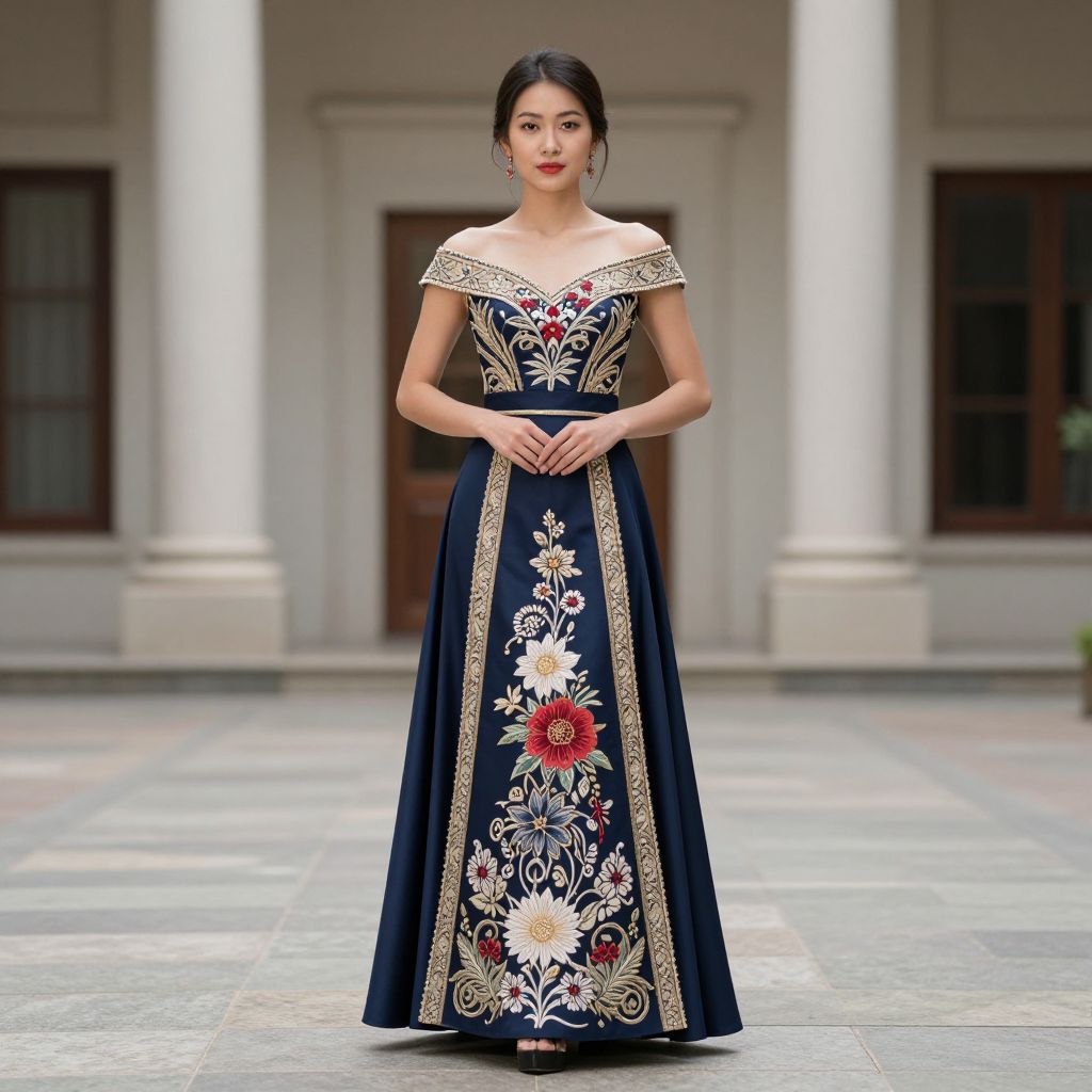 A woman stands gracefully in an elegant off-shoulder navy blue gown featuring intricate floral embroidery with gold accents. The detailed design and poised posture highlight the sophistication and cultural richness of the attire.
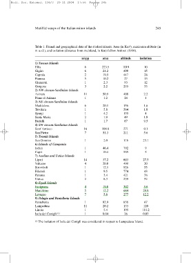 Table 1. Faunal and geographical data of the studied islands. Area (in Km2), maximum altitude (in
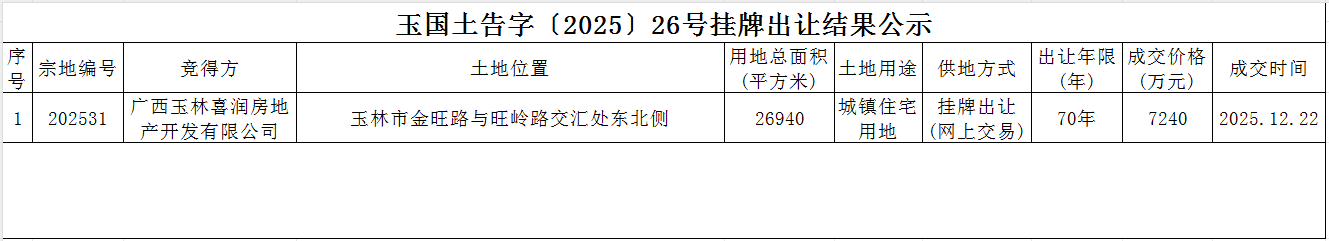 玉国土告字〔2025〕26号挂牌出让结果公示

◆ **THE PROBLEM**
From the first line to the last, copy the listing above exactly and leave out the images.

◆ **ANSWER TO THIS PROBLEM**
 A woman stands gracefully in an elegant off-shoulder navy blue gown featuring intricate floral embroidery with gold accents. The detailed design and poised posture highlight the sophistication and cultural richness of the attire.
 Table 1. Faunal and geographical data of the studied islands. Area (in Km2), maximum altitude (in
 玉国土告字〔2025〕26号挂牌出让结果公示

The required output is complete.